Now, we conjecture that few survivalists would view most money center locations as the optimal high ground on which to camp when Western Civilization falls, especially if said money center were, say, a small island of several million people with extremely-limited, natural, non-cannibalistic food sources and very restrictive gun control to boot.
Of the cognoscenti, we’d view one of our favorites, Nassim Nicholas Taleb, the author of Fooled By Randomness, as the person whose trading strategies most closely embrace the the intersection of the survivalist/depressive mentality in markets. (He seems to have too much fun justly annoying fools to be either depressed or overly-fixated on survival.)
Based upon his reported trading success, it would seem that at least on a small scale, analogs to our recommendation can be profitable. As we understand it, Mr. Taleb would often buy deep-out-of-the-money puts figuring that in the long run, he would gain outsized returns because (1) others would under-estimate the probability of bad outcomes, and (2) he had an exact strategy and tactics in place to benefit from such occurrences. Ergo, the successful, depressive-survivalist trade.
However, as Mr. Taleb repeatedly mentions, such beliefs (and the strategies and actions that they induce) require a substantial degree of discipline to implement. Successful bets are few and far between, and it takes much stamina, patience, and determination to wait on the occasional win. Moreover, it is psychologically painful when friends, neighbors, and former colleagues are making immediate money on seemingly senseless and random trades and you’re wait for that extreme event.) We’d imagine that the level of frustration felt and the discipline required to cope with it, aren’t much different than what’s needed to seat next to a survivalist or depressive on the trading floor.
Finally, we’d be remiss not to mention our other favorite author in the field, Richard Bookstaber, author of A Demon of Our Own Design. In that excellent book, he admonishes traders and risk managers to keep their strategies simple and robust. He points to the cockroach as an exemplary evolutionary survivor with a very simple physiological structure.

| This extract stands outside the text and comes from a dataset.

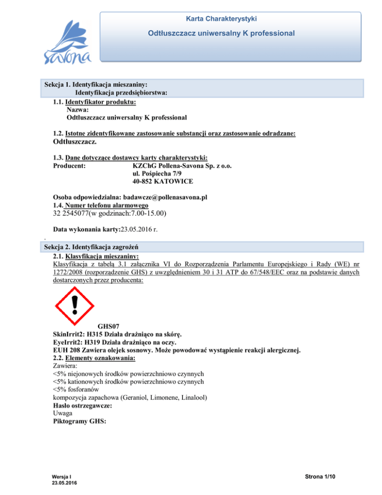 Karta Charakterystyki Odtłuszczacz uniwersalny K professional Sekcja 1. Identyfikacja mieszaniny: Identyfikacja przedsiębiorstwa: 1.1. Identyfikator produktu: Nazwa: Odtłuszczacz uniwersalny K professional 1.2. Istotne zidentyfikowane zastosowanie substancji oraz zastosowanie odradzane: Odtłuszczacz. 1.3. Dane dotyczące dostawcy karty charakterystyki: Producent: KZChG Pollena-Savona Sp. z o.o. ul. Pośpiecha 7/9 40-852 KATOWICE Osoba odpowiedzialna: [email protected] 1.4. Numer telefonu alarmowego 32 2545077(w godzinach:7.00-15.00) Data wykonania karty:23.05.2016 r. . Sekcja 2. Identyfikacja zagrożeń 2.1. Klasyfikacja mieszaniny: Klasyfikacja z tabelą 3.1 załącznika VI do Rozporządzenia Parlamentu Europejskiego i Rady (WE) nr 1272/2008 (rozporządzenie GHS) z uwzględnieniem 30 i 31 ATP do 67/548/EEC oraz na podstawie danych dostarczonych przez producenta: GHS07 SkinIrrit2: H315 Działa drażniąco na skórę. EyeIrrit2: H319 Działa drażniąco na oczy. EUH 208 Zawiera olejek sosnowy. Może powodować wystąpienie reakcji alergicznej. 2.2. Elementy oznakowania: Zawiera: <5% niejonowych środków powierzchniowo czynnych <5% kationowych środków powierzchniowo czynnych <5% fosforanów kompozycja zapachowa (Geraniol, Limonene, Linalool) Hasło ostrzegawcze: Uwaga Piktogramy GHS: Wersja I 23.05.2016 Strona 1/10 Karta Charakterystyki Odtłuszczacz uniwersalny K professional GHS07 Zwroty wskazujące rodzaj zagrożenia: H315 Działa drażniąco na skórę. H319 Działa drażniąco na oczy. EUH208 Zawiera olejek sosnowy. Może powodować wystąpienie reakcji alergicznej. Zwroty wskazujące środki ostrożności: P101 W razie konieczności zasięgnięcia porady lekarza należy pokazać pojemnik lub etykietę. P102 Chronić przed dziećmi. P264 Dokładnie umyć ręce po użyciu. P301 + P330 + P331 W PRZYPADKU POŁKNIĘCIA: Wypłukać usta. NIE wywoływać wymiotów. P305+P351+P338 W PRZYPADKU DOSTANIA SIĘ DO OCZU: Ostrożnie płukać wodą przez kilka minut. Wyjąć soczewki kontaktowe, jeżeli są i można je łatwo usunąć. Nadal płukać. P501 Pojemnik i jego zawartość utylizować zgodnie z przepisami lokalnymi, regionalnymi, krajowymi lub międzynarodowymi 2.3. Inne zagrożenia: Brak informacji dot. spełniania kryteriów PBT lub vPvB zgodnie z zał. XIII rozporządzenia 1907/2006 (REACH).Badania nie zostały przeprowadzone. Sekcja 3. Skład/informacja o składnikach 3.1. Substancje: Nie dotyczy. 3.2. Mieszaniny: Klasyfikację substancji zawartych w produkcie podano zgodnie z tabelą 3.1 oraz 3.2 załącznika VI do Rozporządzenia Parlamentu Europejskiego i Rady (WE) nr 1272/2008 (rozporządzenie CLP) z uwzględnieniem 30 i 31 ATP do 67/548/EEC oraz na podstawie danych dostarczonych przez producenta. Nazwa niebezpiecznej substancji Zakres stężeń Numer CAS Numer indeksowy Numer WE Alkohole, C12-14, etoksylowane <2% 68439-50-9 brak 500-213-3 Pirofosforan potasu Nr Rej. REACH: 01-2119489369-18 Wersja I 23.05.2016 <2,5% 7320-34-5 brak 230-785-7 Symbole niebezpieczeństwa GHS05; GHS07; Niebezpieczeństwo EyeDam1: H318 AcuteTox4: H302 GHS07; Uwaga EyeIrrit2: H319 Strona 2/10 Karta Charakterystyki Odtłuszczacz uniwersalny K professional Chlorek metylu oksyetylenowanej czwartorzędowej C12-14 alkilo metylo aminy Etanoloamina; 2-aminoetanol Nr Rej. REACH: 01-2119486455-28 Olejek sosnowy <1% <2% <0,4% 863679-20-3 141-43-5 8002-09-3 brak 603-030-00-8 brak brak 205-483-3 289-870-2 GHS05 ; GHS07 Niebezpieczeństwo AcuteTox4: H302 EyeDam1: H318 SkinIrrit2: H315 GHS05; GHS07 Niebezpieczeństwo Acute Tox. 4: H332 Acute Tox. 4: H312 Acute Tox. 4: H302 Skin Corr. 1B: H314 STOT SE 3: H335 GHS02; GHS07; GHS08; GHS09 Niebezpieczeństwo AspTox1: H304 FlamLiq3: H226 SkinSens1: H317 EyeIrrit2: H319 AquaticAcute1: H400 AquaticChronic1: H410 Brzmienie użytych zwrotów – patrz p. 16. Sekcja 4. Środki pierwszej pomocy 4.1. Opis środków pierwszej pomocy: 4.1.1 Wytyczne dotyczące pierwszej pomocy wg istotnych dróg narażenia: Kartę Charakterystyki okazać lekarzowi udzielającemu pomocy. W przypadku narażenia na pary i aerozole produktu osobę poszkodowaną przenieść do dobrze wentylowanego pomieszczenia zwrócić się o pomoc lekarską a) drogi oddechowe: osobę poszkodowaną natychmiast przenieść do dobrze wentylowanego pomieszczenia; osobę poszkodowaną umieścić w pozycji półleżącej, rozluźnić ubranie, upewnić się czy w ustach osoby poszkodowanej nie zalegają przedmioty lub wydzielina utrudniające oddychanie; jęli poszkodowany nie oddycha – wykonać sztuczne oddychanie; niezwłocznie zwrócić się o pomoc lekarską w przypadku wystąpienia trudności z oddychaniem. b) skóra: zdjąć zanieczyszczone ubranie; zabrudzoną skórę przemyć dużą ilością wody z mydłem; do mycia skóry nie używać żadnych rozpuszczalników ani rozcieńczalników; niezwłocznie skonsultować z lekarzem jeżeli wystąpi podrażnienie. c) oczy: zanieczyszczone oczy płukać, przy otwartych powiekach, ciągłym strumieniem bieżącej wody przez 10 ÷ 15 minut; unikać silnego strumienia wody, który może stworzyć ryzyko uszkodzenia rogówki; w przypadku utrzymującego się pieczenia lub podrażnienia skonsultować się z lekarzem; nie używać żadnych płynów do przemywania oczu ani żadnych maści przed konsultacją lekarską; w przypadku, gdy osoba poszkodowana nosi szkła kontaktowe zdjąć je, jeżeli to możliwe; niezwłocznie zwrócić się o pomoc lekarską Wersja I 23.05.2016 Strona 3/10 Karta Charakterystyki Odtłuszczacz uniwersalny K professional d) przewód pokarmowy: wypłukać usta dużą ilością bieżącej wody; osobie nieprzytomnej nie podawać nic do ust ; nie wywoływać wymiotów; niezwłocznie skonsultować z lekarzem – pokazać lekarzowi Kartę Charakterystyki lub etykietę 4.1.2. Inne: Brak. 4.2. Najważniejsze ostre i opóźnione objawy oraz skutki narażenia: Ostre: Zawiera olejek sosnowy. Może powodować wystąpienie reakcji alergicznej. Opóźnione: Zawi

We disagree with him slightly, because our tiny insectoid brain is not concerned with the entire survival of the species– but only with our own personal viability. So, Mr. Bookstaber’s long-run is likely quite a bit longer than we (and most others) care about. However, he does describe the problems and costs of complexity; thus, the title of the book. We wholeheartedly agree with him on those issues, e.g., no one understands the whole system; such things tend to be jerry-rigged à la Rube Goldberg; and the (initial) failure of a safety system can destroy the entire entity, etc. Some of those things are very scary when they happen in airplanes and nuclear plants.
In that regard, our recommendations to hire for personality might not seem that outrageous: it is simple and robust. Perhaps a few knowledgeable and imaginative depressives and survivalists are worth an army of lemming-like quants attempting to “over-calculate” the unknowable?
Look for our upcoming book series: Essential Risk Management I: Embrace Your Inner Survivalist and Essential Risk Management II: Embrace Your Inner Depressive. No, not really.